■ **INSTRUCTIONS FOR THE TASK**
What is printed must match, line for line, the records from their first line through the line containing "การแต่งกาย ชุดดำสุภาพ /", with pictures left out.

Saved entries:
=======

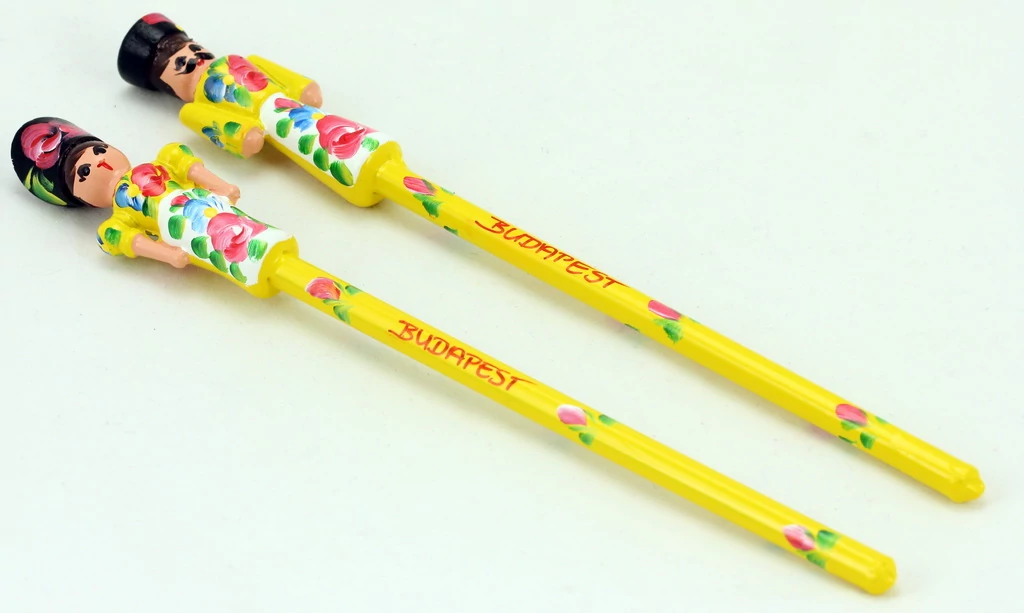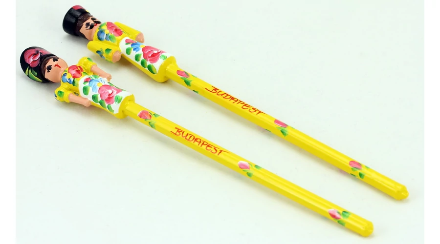 Ceruza a Souvenir1 ajándék nagykereskedés kínálatában. Népies, hagyományőrző szuvenír. Kézzel festett, fa ceruza. Betyár illetva lány figurás páros, felakasztható csomagolásban.
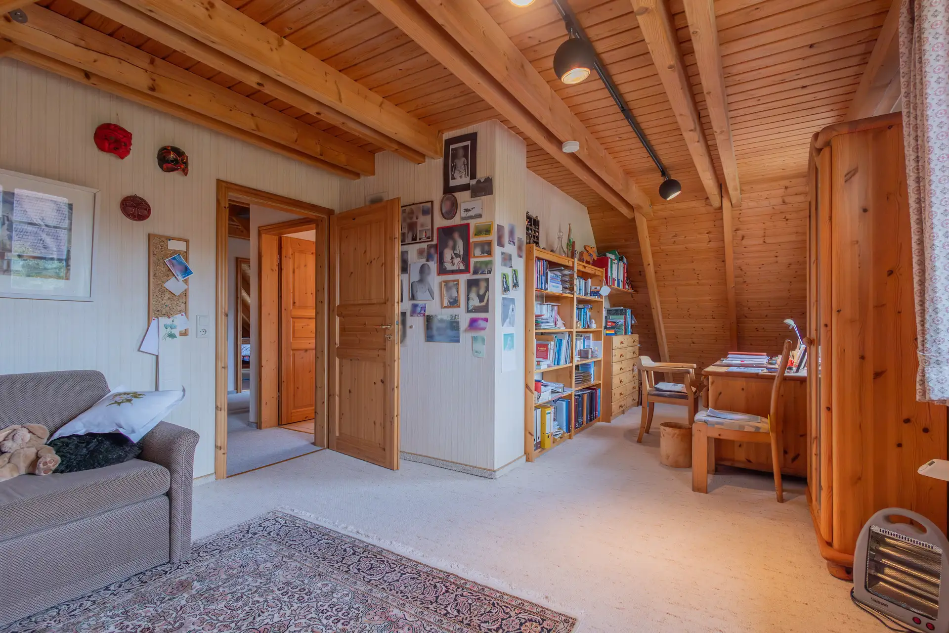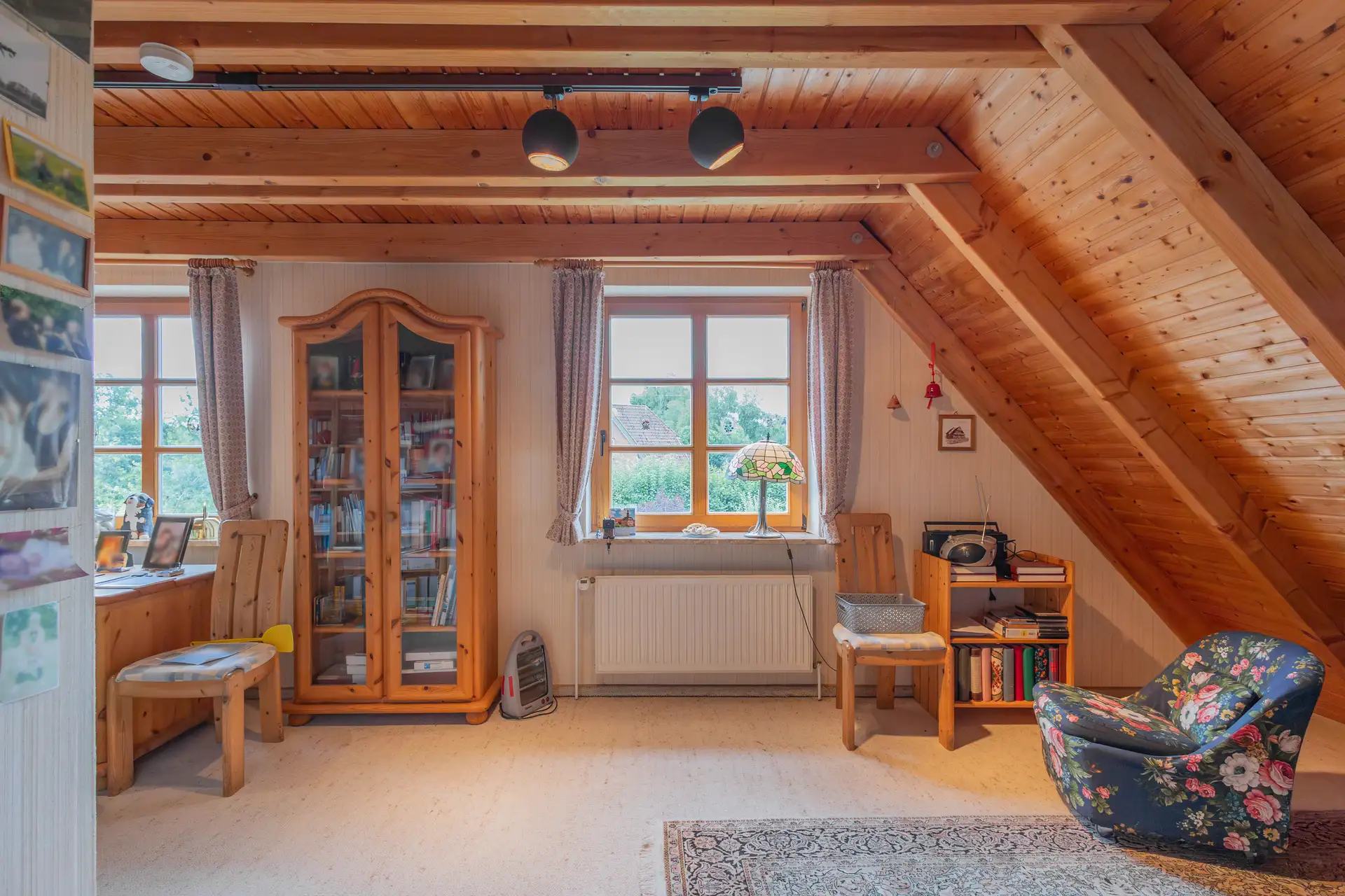 Im Obergeschoss erwarten Sie zwei Schlafzimmer: eins mit ca. 15 m² und das andere mit ca. 17 m². Ein nach Süden ausgerichtetes Arbeitszimmer in L-Form, perfekt für konzentriertes Arbeiten oder kreative Projekte. Dazu ein Wannenbad und eine Abstellkammer für alles, was nicht im Blick sein muss.
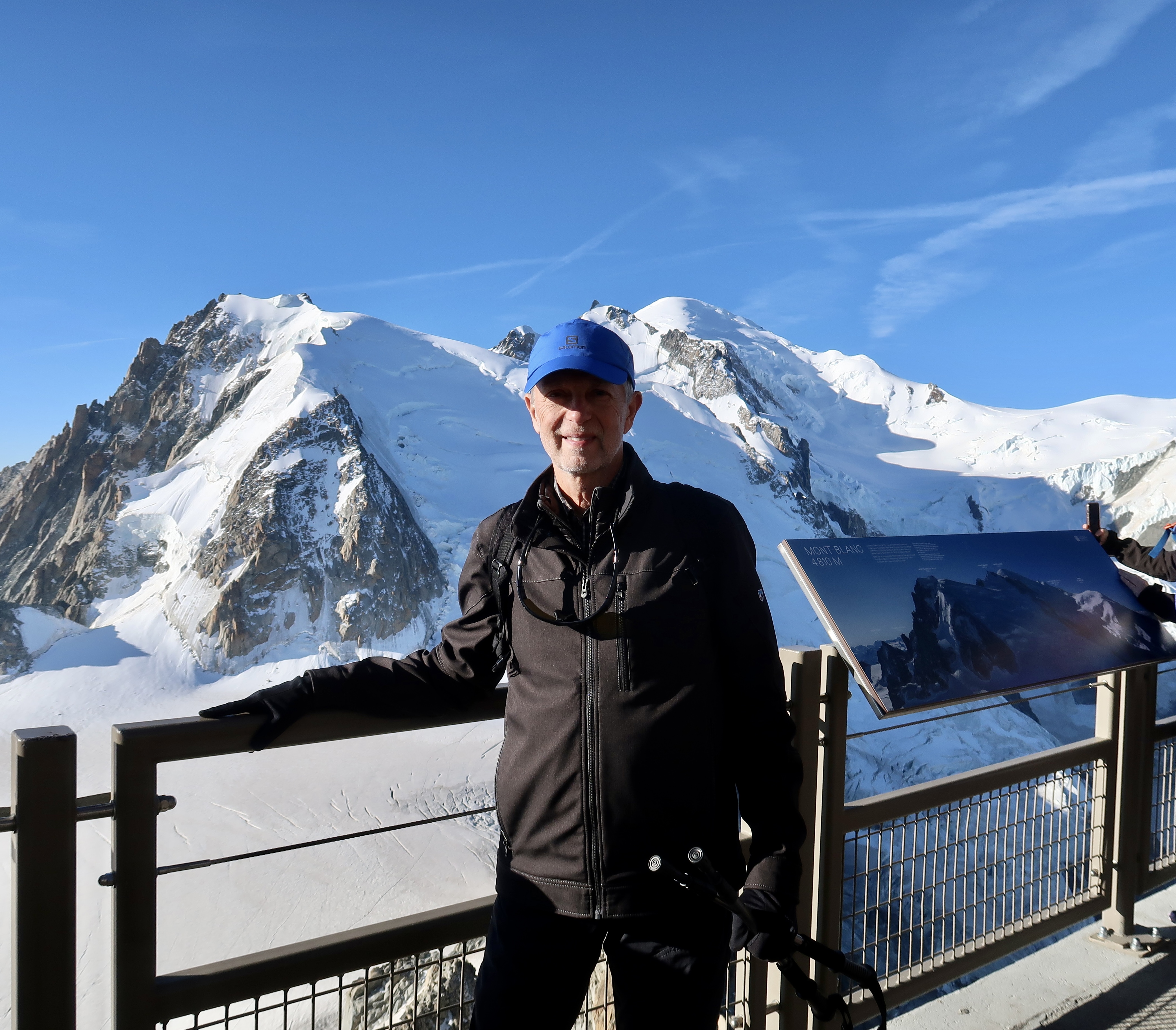From the panoramic viewing platform on the “needle,” Mont Blanc was impressive against a blue sky. It seemed close, even accessible, yet it is over half of a mile higher.
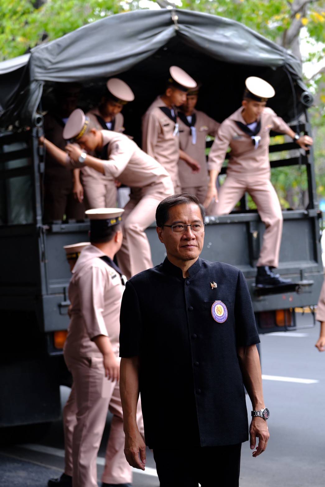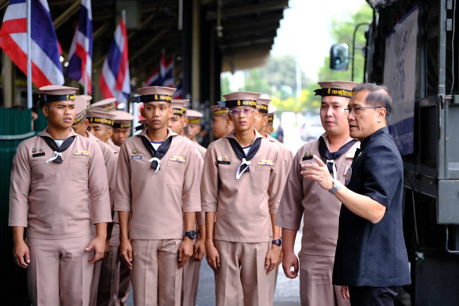 การแต่งกาย ชุดดำสุภาพ / หรือท่านที่มีผ้าพันคอจิตอาสา หมวกฟ้า พระราชทานก็สามารถแต่งได้
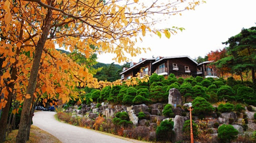 The place where I arrived at Hupo Port after eating sashimi deliciously. Chilbosan located halfway up the luxury goods through a forest of pine trees are green wave donghae a sea view. It is so beautiful and nice place. a log cabin/camp/forest road surrounded by Geumgangsongs I'd like to recommend it as a...
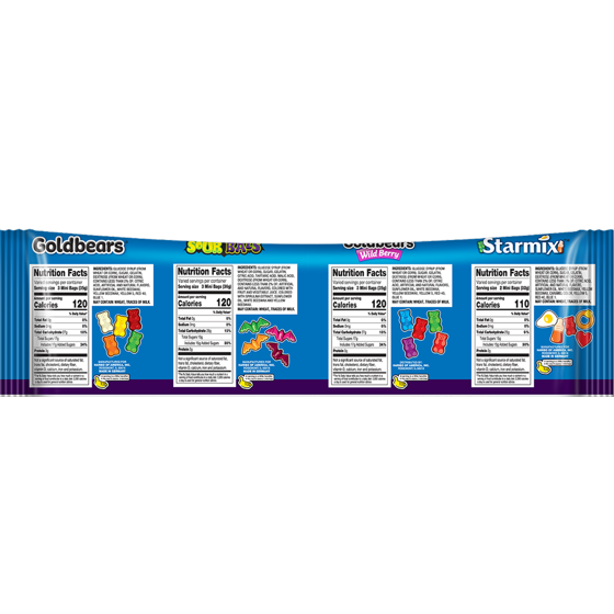 Corn Syrup, Sugar, Gelatin, Dextrose, Citric Acid, Fruit Juice Concentrates (Apple, Orange, Strawberry, Raspberry, Lemon), Natural and Artificial Flavors, Palm Oil, Carnauba Wax, White Beeswax, Colors (Carminic Acid, Turmeric, Spirulina Extract, Beta-Carotene).
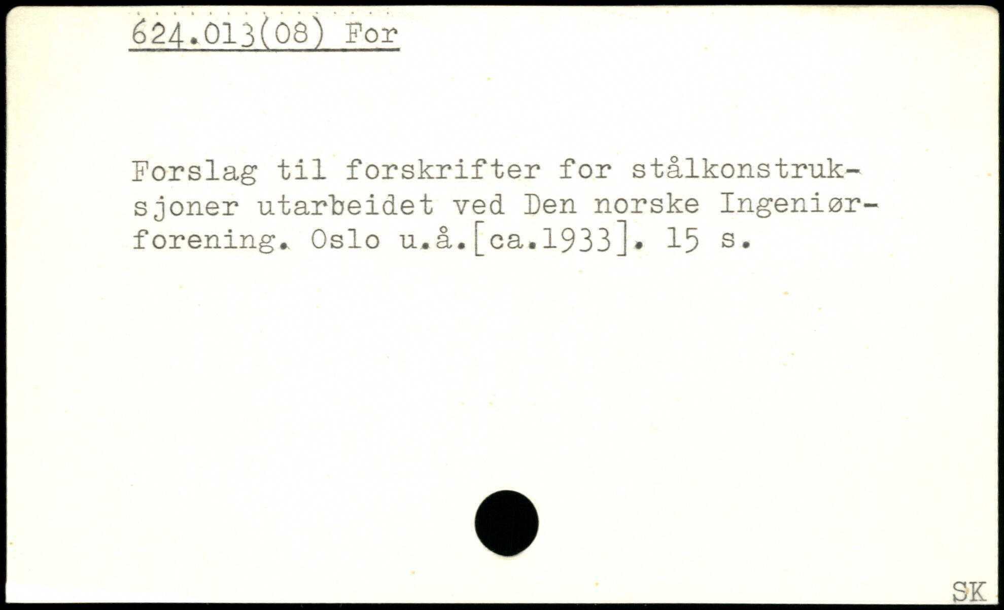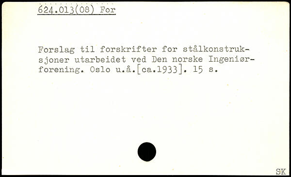 Forslag til forskrifter for stålkonstruk-s joner utarbeidet ved fen norske Ingeniørforening. Oslo u.å.[ca.1933].

=======

■ **THE COMPLETED TASK**
 Ceruza a Souvenir1 ajándék nagykereskedés kínálatában. Népies, hagyományőrző szuvenír. Kézzel festett, fa ceruza. Betyár illetva lány figurás páros, felakasztható csomagolásban.
 Im Obergeschoss erwarten Sie zwei Schlafzimmer: eins mit ca. 15 m² und das andere mit ca. 17 m². Ein nach Süden ausgerichtetes Arbeitszimmer in L-Form, perfekt für konzentriertes Arbeiten oder kreative Projekte. Dazu ein Wannenbad und eine Abstellkammer für alles, was nicht im Blick sein muss.
From the panoramic viewing platform on the “needle,” Mont Blanc was impressive against a blue sky. It seemed close, even accessible, yet it is over half of a mile higher.
 การแต่งกาย ชุดดำสุภาพ / หรือท่านที่มีผ้าพันคอจิตอาสา หมวกฟ้า พระราชทานก็สามารถแต่งได้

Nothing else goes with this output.